Task brief = Return the material below exactly, but only from the line with "St Peter, Old Hurst" through the line with "With the storming", and without its pictures.

(Beginning of Records for this task)

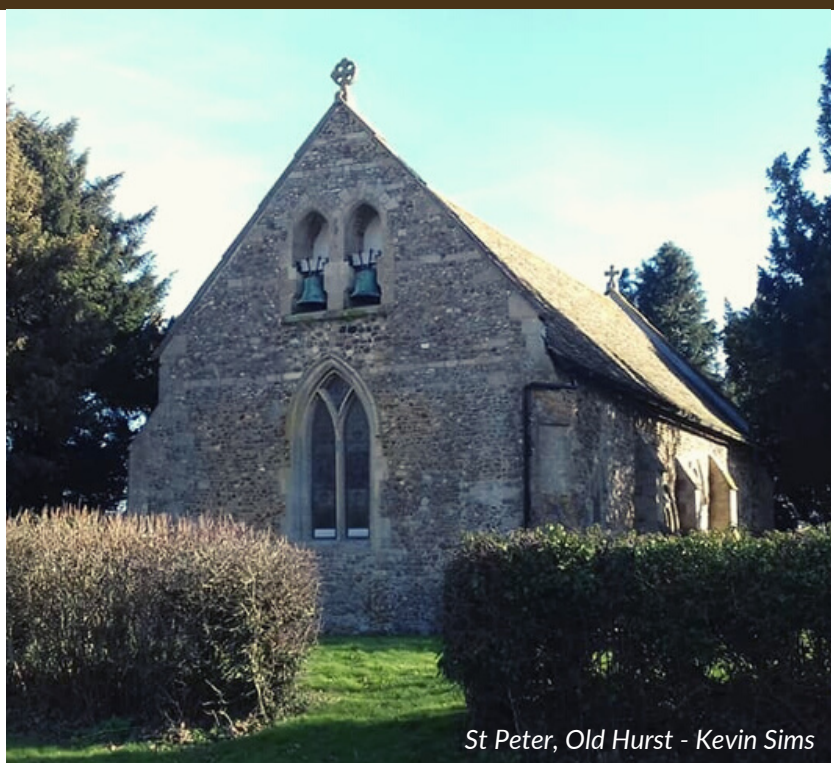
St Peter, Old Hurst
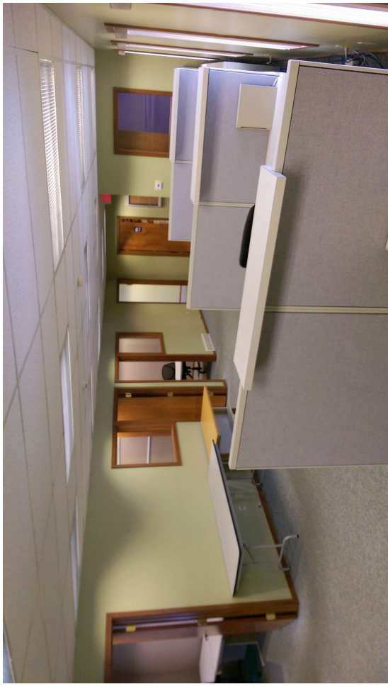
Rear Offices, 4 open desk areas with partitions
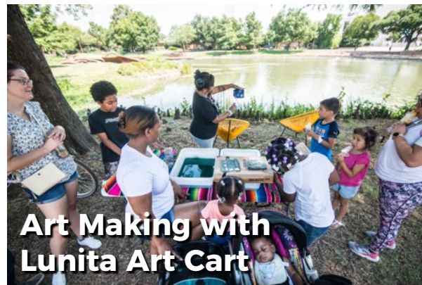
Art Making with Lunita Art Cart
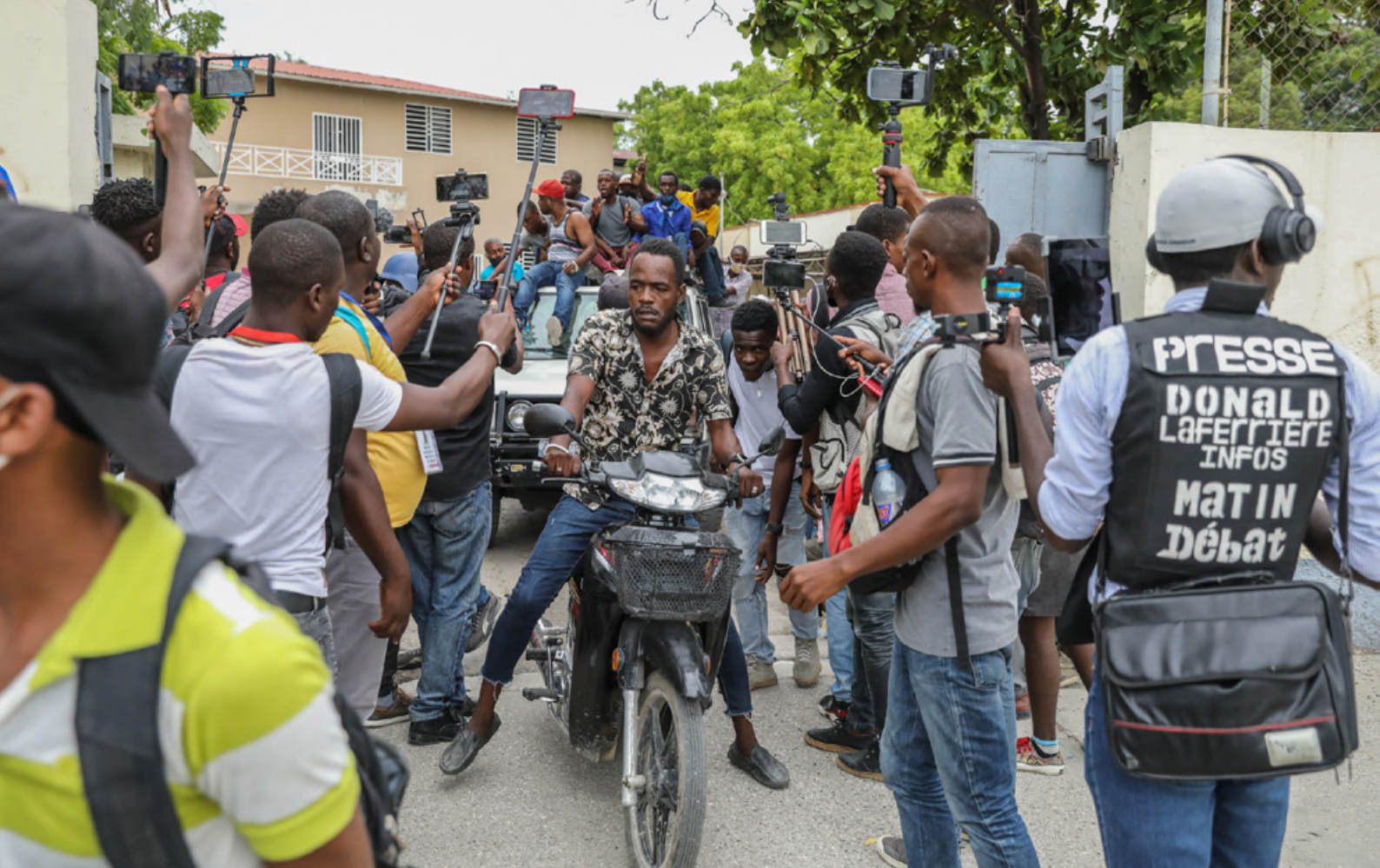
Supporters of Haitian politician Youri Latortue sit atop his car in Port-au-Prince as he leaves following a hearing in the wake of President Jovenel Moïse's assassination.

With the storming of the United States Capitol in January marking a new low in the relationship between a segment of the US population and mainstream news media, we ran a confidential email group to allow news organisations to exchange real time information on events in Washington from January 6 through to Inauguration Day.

(End of Records for this task)
(Beginning of Records for this task)

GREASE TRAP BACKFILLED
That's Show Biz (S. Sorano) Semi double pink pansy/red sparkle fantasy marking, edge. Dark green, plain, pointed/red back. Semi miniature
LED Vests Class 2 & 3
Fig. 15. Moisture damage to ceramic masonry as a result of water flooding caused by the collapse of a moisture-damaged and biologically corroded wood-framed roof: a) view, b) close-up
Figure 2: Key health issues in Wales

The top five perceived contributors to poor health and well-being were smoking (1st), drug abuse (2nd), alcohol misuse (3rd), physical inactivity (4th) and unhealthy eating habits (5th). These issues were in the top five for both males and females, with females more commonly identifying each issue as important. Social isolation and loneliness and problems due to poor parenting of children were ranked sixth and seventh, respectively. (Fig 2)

(End of Records for this task)
(Beginning of Records for this task)

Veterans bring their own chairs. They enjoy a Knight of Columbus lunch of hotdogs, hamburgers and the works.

(End of Records for this task)

Completed exercise =
St Peter, Old Hurst
Rear Offices, 4 open desk areas with partitions
Art Making with Lunita Art Cart
Supporters of Haitian politician Youri Latortue sit atop his car in Port-au-Prince as he leaves following a hearing in the wake of President Jovenel Moïse's assassination.

With the storming of the United States Capitol in January marking a new low in the relationship between a segment of the US population and mainstream news media, we ran a confidential email group to allow news organisations to exchange real time information on events in Washington from January 6 through to Inauguration Day.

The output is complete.